**Assignment:** In your copy, repeat the records exactly and leave out the pictures.

**Data excerpts:**
[Start of section]

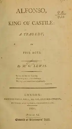 Alfonso, King of Castile is a historical tragedy by the English writer Matthew Lewis. It was published in November 1801, and was first staged at the Theatre Royal, Covent Garden the following year.[1] It is set during the reign of Alfonso XI of Castile during the fourteenth century.
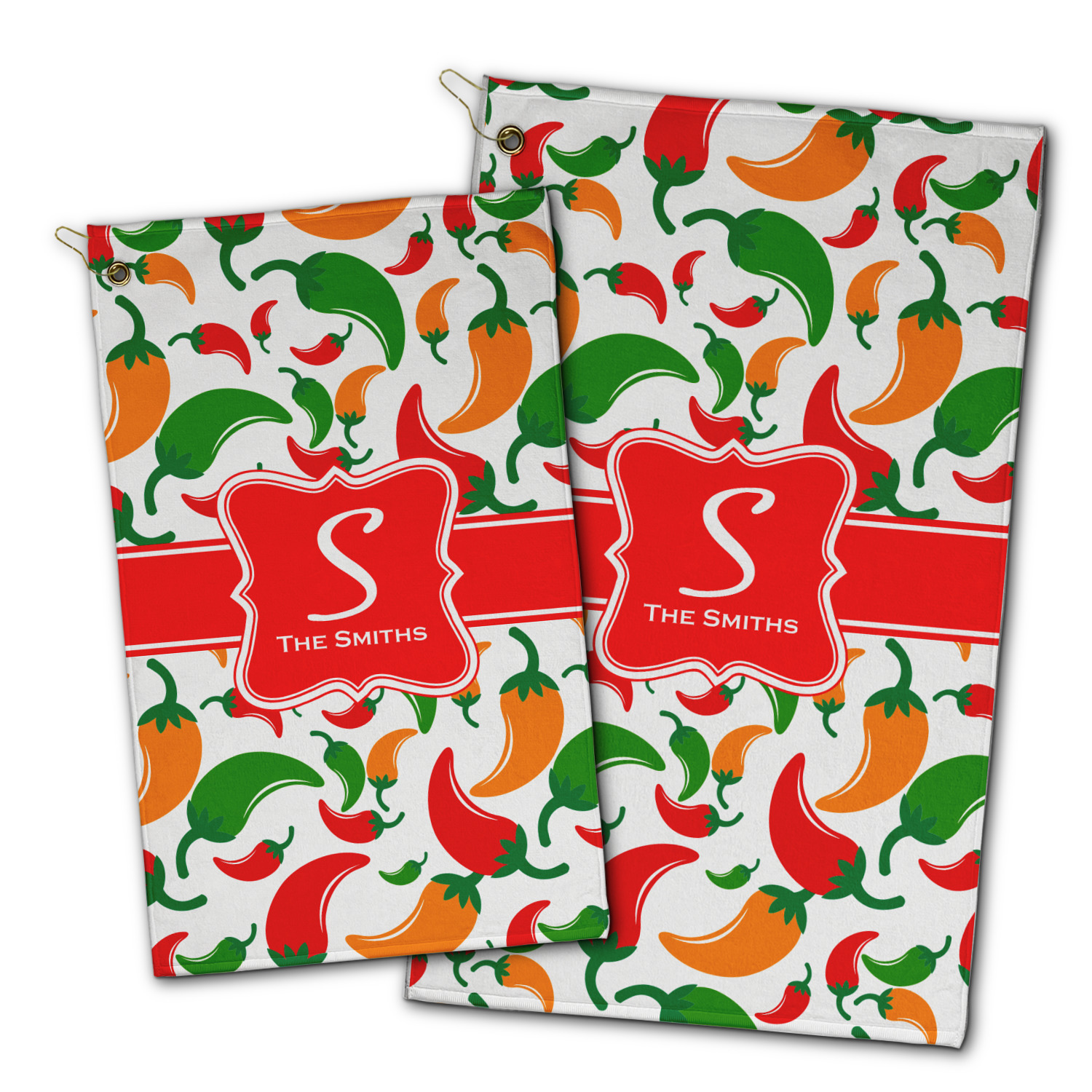 These golf towels are come in 2 sizes: Small: 11"x 18" and Large: 15" x 25" in dimension.
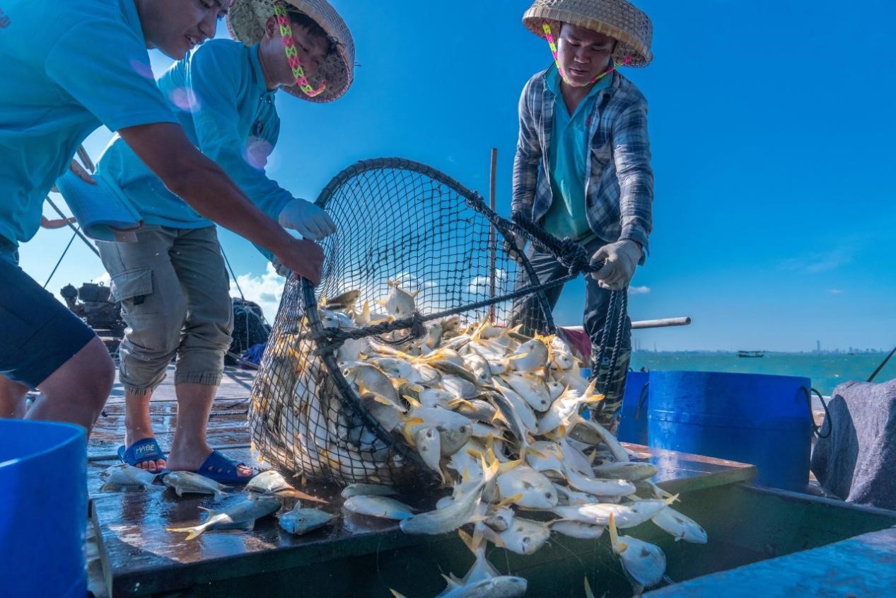 南海之濱,漁獲滿倉(cāng),廣東漁民在碧海藍(lán)天下收獲滿滿一網(wǎng)金鯧魚(yú)
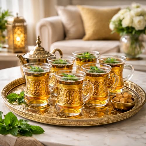 GuangYang Fine Porcelain 6 oz White Tea Cups Set of 6, White with Gold Trim, Good Size for Tea, Cappuccino, Flat White Coffee
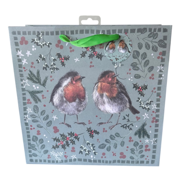 dárková papírová taška, vánoční motiv: ptáček červenka; zn. Alex Clark Art
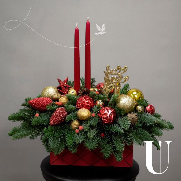 Две праздничные свечи в центре композиции согреют Ваших близких в волшебную новогоднюю ночь!
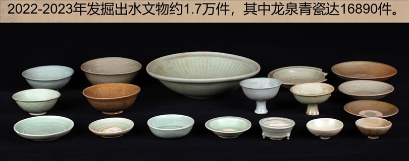 發(fā)掘出水文物標(biāo)本約1.7萬件,主要為龍泉青瓷和陶罐、鉛錘、印章等船上生活、航海相關(guān)文物。其中龍泉青瓷數(shù)量達到1.6萬余件,器形包括碗、盤、碟、盞、洗、缽、香爐和高足杯等,年代為元代晚期,為典型的外銷貿(mào)易瓷。結(jié)合溫州朔門古港的考古發(fā)現(xiàn),推測該沉船可能是從溫州港出海前往東南亞的民間貿(mào)易商船。
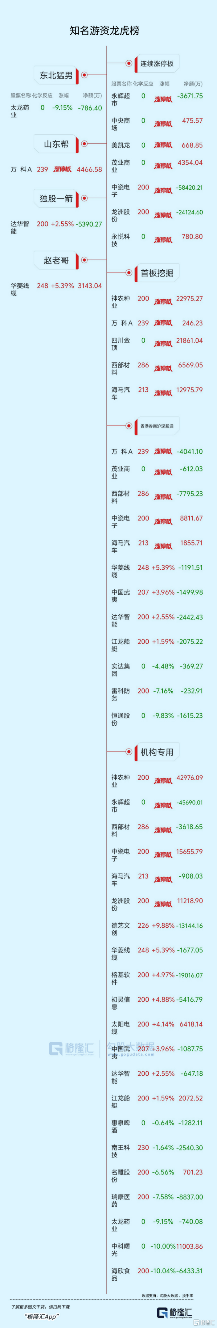 龙虎榜单日净买入额前三为神农种业、四川金顶、海马汽车,分别为2.30亿、2.19亿、1.30亿。
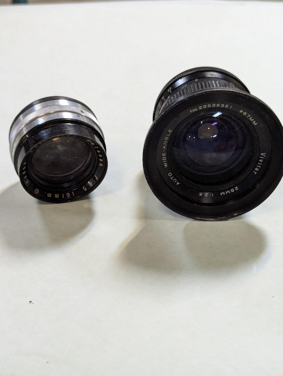 Vivitar 28m 1;2.5 Auto Wide Angle Lens & Kodak Enlarging Ektanopn f 4.5 161 mm Lens
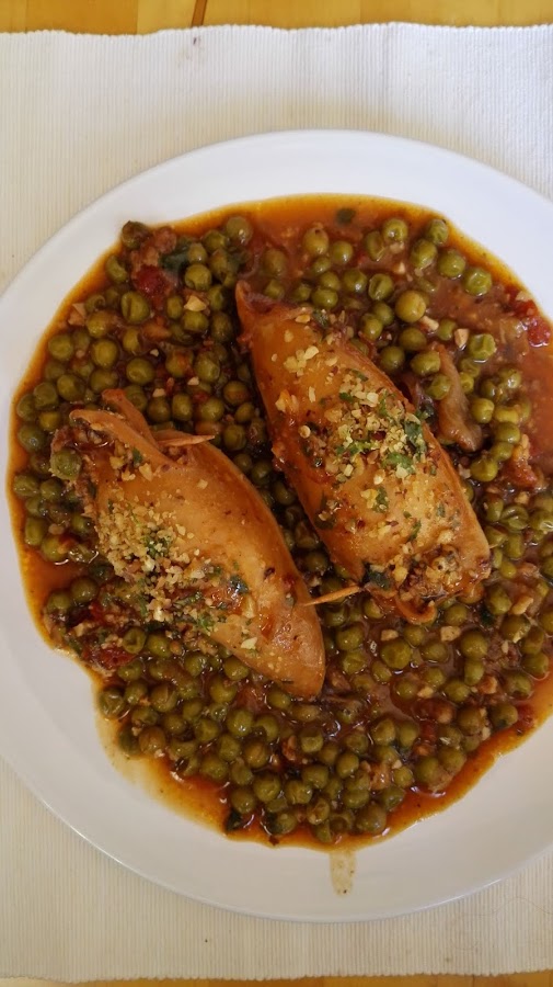 Esta sí que sí es una receta que me recuerda mucho a cuando era pequeña y mi madre preparaba esta receta. En aquella época era una receta de lujo: los calamares eran un producto caro y no siempre se encontraban en las pescaderías.
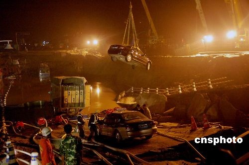 十一月十五日下午,杭州地鐵施工現(xiàn)場(chǎng)發(fā)生塌陷事故,截至十六日上午九時(shí)許,救援人員在地鐵塌陷處又發(fā)現(xiàn)一具遇難者尸體,經(jīng)初步核查,事故中施工人員已有三人死亡,十七人失蹤。事故原因正在進(jìn)一步查明中。圖為救援現(xiàn)場(chǎng)。中新社發(fā) 江耘 攝
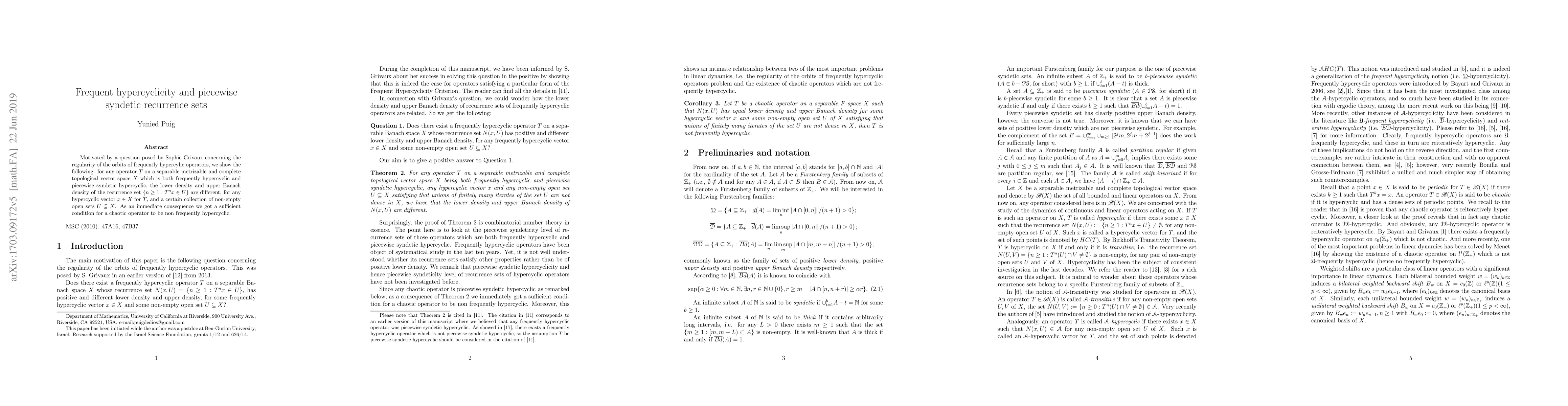 Motivated by a question posed by Sophie Grivaux concerning the regularity of the orbits of frequently hypercylic operators, we show the following: for any operator $T$ on a separable metrizable and complete topological vector space $X$ which is both frequently hypercyclic and piecewise syndetic hypercyclic, the lower density and upper Banach density of the recurrence set $\{n\geq 1: T^n x\in U\}$ are different, for any hypercyclic vector $x\in X$ for $T$, and a certain collection of non-empty open sets $U\subseteq X$. As an immediate consequence we got a sufficient condition for a chaotic operator to be non frequently hypercyclic.
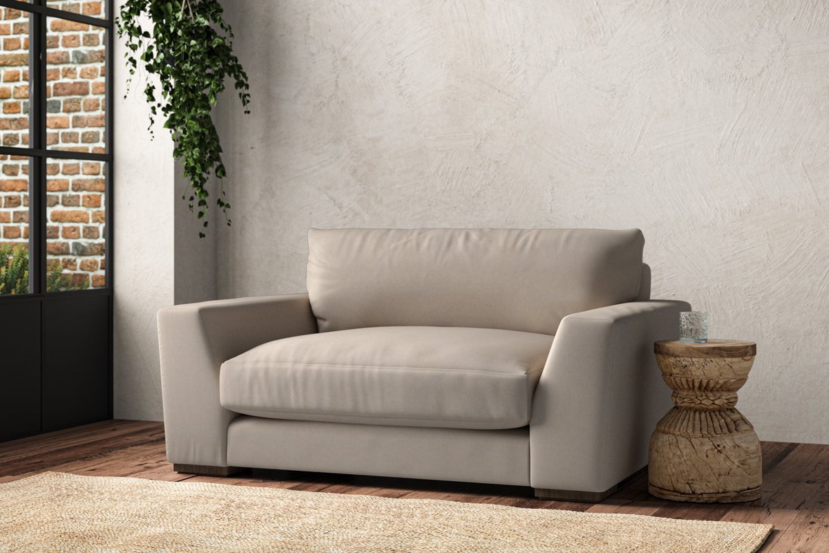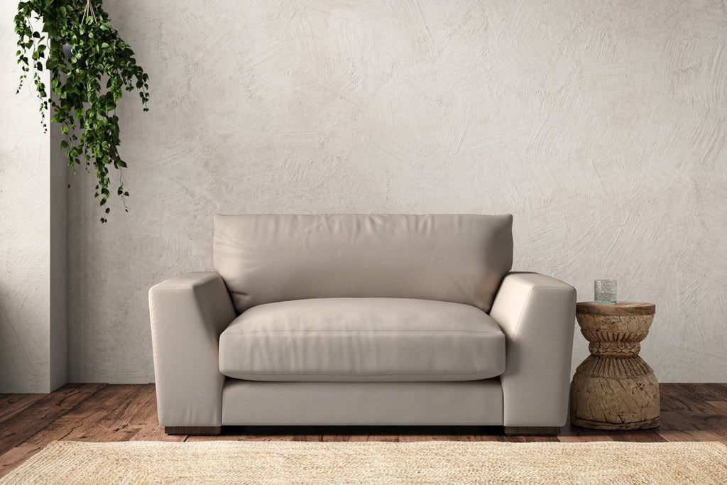The laid-back sculptural shape of the Guddu loveseat brings effortless style to an interior. The generous arms and deep seat cushions make this collection the perfect choice for families or those that like a bit of extra space to stretch out. Details include separate back cushions, exceptional quality fabrics and solid wood block feet. Each piece is handcrafted by experts using traditional techniques for a quality finish that celebrates the best of British craftmanship.
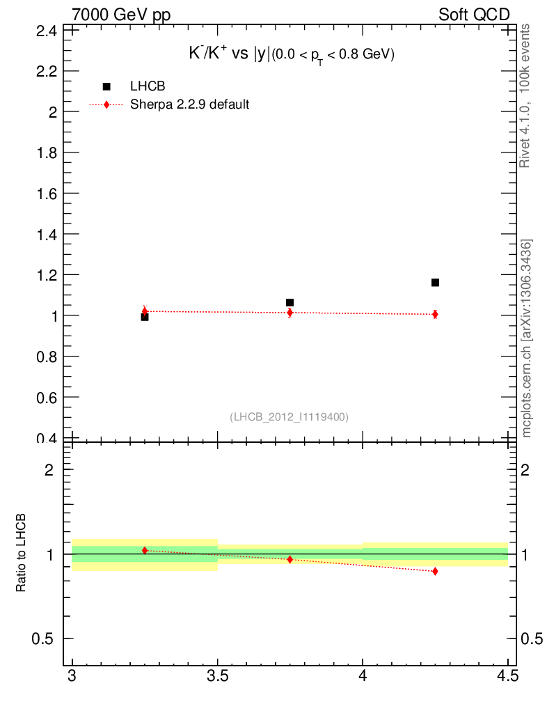 Soft QCD (inelastic) : Identified Particles : Ratios : K-/K+ vs |y|
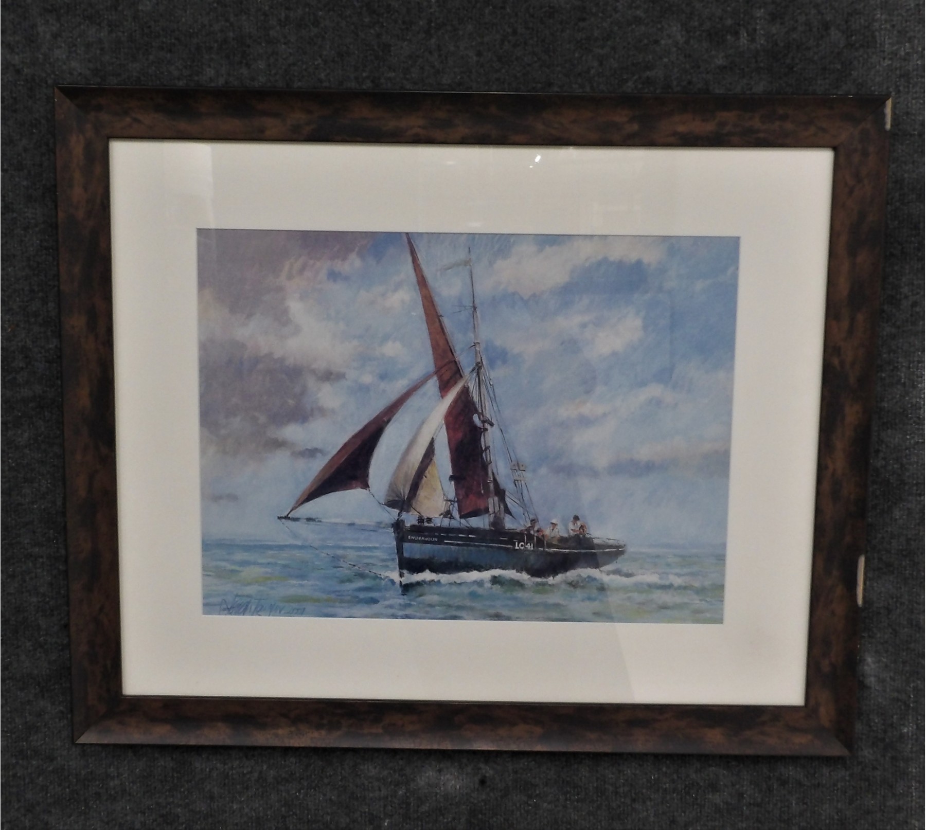 Listed is a framed print of The Endeavour - 29"w x 24"h with frame; 19" x 14" just the print. The composite frame is chipped in 2 places. The work is in very good condition. The pamphlet is enclosed in a pocket on the back of the frame. See photos for details.
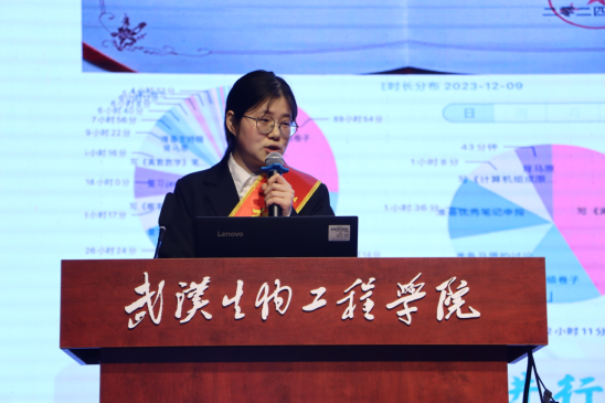 国家励志奖学金获奖代表、软件工程学院2022级大数据管理与应用1班陈晓虹从学习、思想、实践、感恩等四个方面讲述了她面对逆境,学会坚强与自立,不断成长与进步的故事。
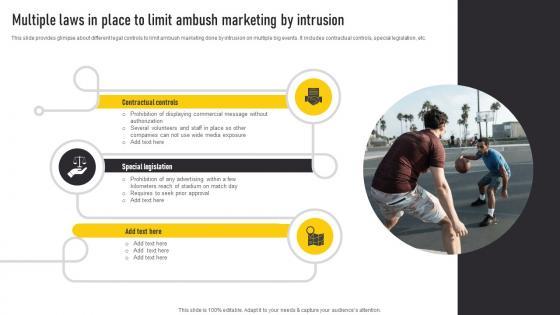 This slide provides glimpse about different legal controls to limit ambush marketing done by intrusion on multiple big events. It includes contractual controls, special legislation, etc. The Multiple Laws In Place To Limit Ambush Automate Guerrilla Promotional Slides Pdf is a compilation of the most recent design trends as a series of slides. It is suitable for any subject or industry presentation, containing attractive visuals and photo spots for businesses to clearly express their messages. This template contains a variety of slides for the user to input data, such as structures to contrast two elements, bullet points, and slides for written information. Slidegeeks is prepared to create an impression. This slide provides glimpse about different legal controls to limit ambush marketing done by intrusion on multiple big events. It includes contractual controls, special legislation, etc.
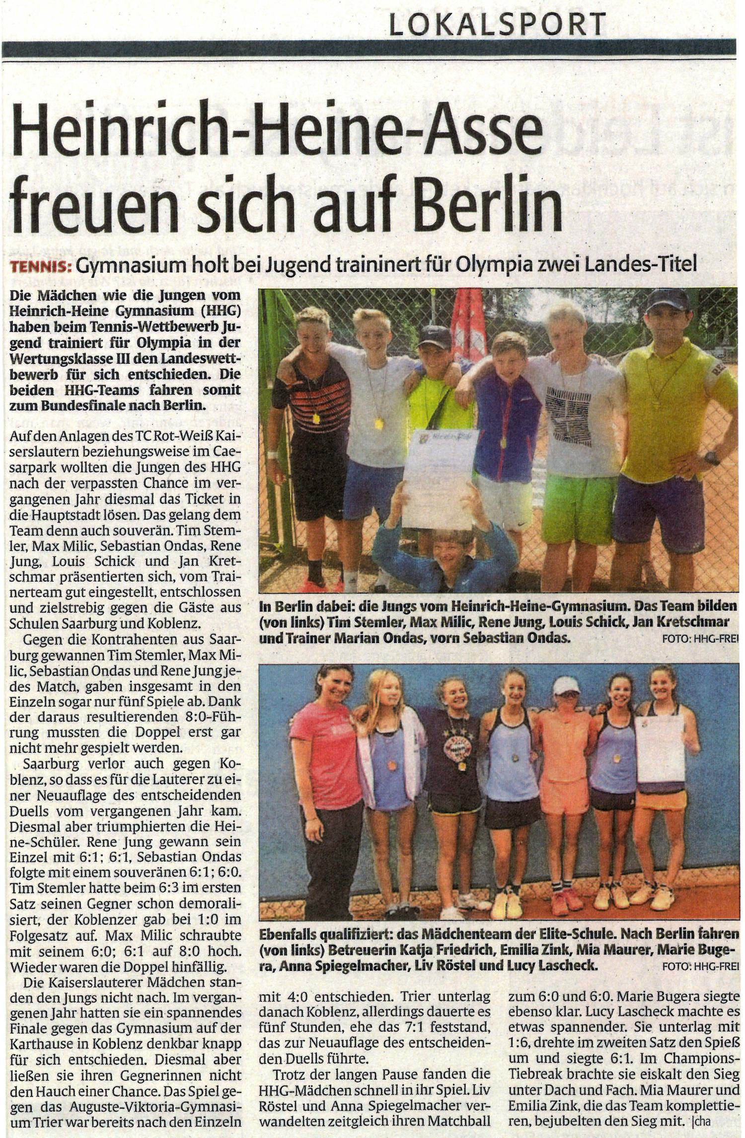 Tennis: Heinrich-Heine-Asse freuen sich auf Berlin 27.06.2018 Zeitungsartikel aus der RheinpfalzMit freundlicher Genehmigung.

[End of section]

**Answer:**
 Alfonso, King of Castile is a historical tragedy by the English writer Matthew Lewis. It was published in November 1801, and was first staged at the Theatre Royal, Covent Garden the following year.[1] It is set during the reign of Alfonso XI of Castile during the fourteenth century.
 These golf towels are come in 2 sizes: Small: 11"x 18" and Large: 15" x 25" in dimension.
 南海之濱,漁獲滿倉(cāng),廣東漁民在碧海藍(lán)天下收獲滿滿一網(wǎng)金鯧魚(yú)
 GuangYang Fine Porcelain 6 oz White Tea Cups Set of 6, White with Gold Trim, Good Size for Tea, Cappuccino, Flat White Coffee
 dárková papírová taška, vánoční motiv: ptáček červenka; zn. Alex Clark Art
 Две праздничные свечи в центре композиции согреют Ваших близких в волшебную новогоднюю ночь!
 發(fā)掘出水文物標(biāo)本約1.7萬件,主要為龍泉青瓷和陶罐、鉛錘、印章等船上生活、航海相關(guān)文物。其中龍泉青瓷數(shù)量達到1.6萬余件,器形包括碗、盤、碟、盞、洗、缽、香爐和高足杯等,年代為元代晚期,為典型的外銷貿(mào)易瓷。結(jié)合溫州朔門古港的考古發(fā)現(xiàn),推測該沉船可能是從溫州港出海前往東南亞的民間貿(mào)易商船。
 龙虎榜单日净买入额前三为神农种业、四川金顶、海马汽车,分别为2.30亿、2.19亿、1.30亿。
 Vivitar 28m 1;2.5 Auto Wide Angle Lens & Kodak Enlarging Ektanopn f 4.5 161 mm Lens
 Esta sí que sí es una receta que me recuerda mucho a cuando era pequeña y mi madre preparaba esta receta. En aquella época era una receta de lujo: los calamares eran un producto caro y no siempre se encontraban en las pescaderías.
 十一月十五日下午,杭州地鐵施工現(xiàn)場(chǎng)發(fā)生塌陷事故,截至十六日上午九時(shí)許,救援人員在地鐵塌陷處又發(fā)現(xiàn)一具遇難者尸體,經(jīng)初步核查,事故中施工人員已有三人死亡,十七人失蹤。事故原因正在進(jìn)一步查明中。圖為救援現(xiàn)場(chǎng)。中新社發(fā) 江耘 攝
 Motivated by a question posed by Sophie Grivaux concerning the regularity of the orbits of frequently hypercylic operators, we show the following: for any operator $T$ on a separable metrizable and complete topological vector space $X$ which is both frequently hypercyclic and piecewise syndetic hypercyclic, the lower density and upper Banach density of the recurrence set $\{n\geq 1: T^n x\in U\}$ are different, for any hypercyclic vector $x\in X$ for $T$, and a certain collection of non-empty open sets $U\subseteq X$. As an immediate consequence we got a sufficient condition for a chaotic operator to be non frequently hypercyclic.
The laid-back sculptural shape of the Guddu loveseat brings effortless style to an interior. The generous arms and deep seat cushions make this collection the perfect choice for families or those that like a bit of extra space to stretch out. Details include separate back cushions, exceptional quality fabrics and solid wood block feet. Each piece is handcrafted by experts using traditional techniques for a quality finish that celebrates the best of British craftmanship.
 Soft QCD (inelastic) : Identified Particles : Ratios : K-/K+ vs |y|
 Listed is a framed print of The Endeavour - 29"w x 24"h with frame; 19" x 14" just the print. The composite frame is chipped in 2 places. The work is in very good condition. The pamphlet is enclosed in a pocket on the back of the frame. See photos for details.
 国家励志奖学金获奖代表、软件工程学院2022级大数据管理与应用1班陈晓虹从学习、思想、实践、感恩等四个方面讲述了她面对逆境,学会坚强与自立,不断成长与进步的故事。
 This slide provides glimpse about different legal controls to limit ambush marketing done by intrusion on multiple big events. It includes contractual controls, special legislation, etc. The Multiple Laws In Place To Limit Ambush Automate Guerrilla Promotional Slides Pdf is a compilation of the most recent design trends as a series of slides. It is suitable for any subject or industry presentation, containing attractive visuals and photo spots for businesses to clearly express their messages. This template contains a variety of slides for the user to input data, such as structures to contrast two elements, bullet points, and slides for written information. Slidegeeks is prepared to create an impression. This slide provides glimpse about different legal controls to limit ambush marketing done by intrusion on multiple big events. It includes contractual controls, special legislation, etc.
 Tennis: Heinrich-Heine-Asse freuen sich auf Berlin 27.06.2018 Zeitungsartikel aus der RheinpfalzMit freundlicher Genehmigung.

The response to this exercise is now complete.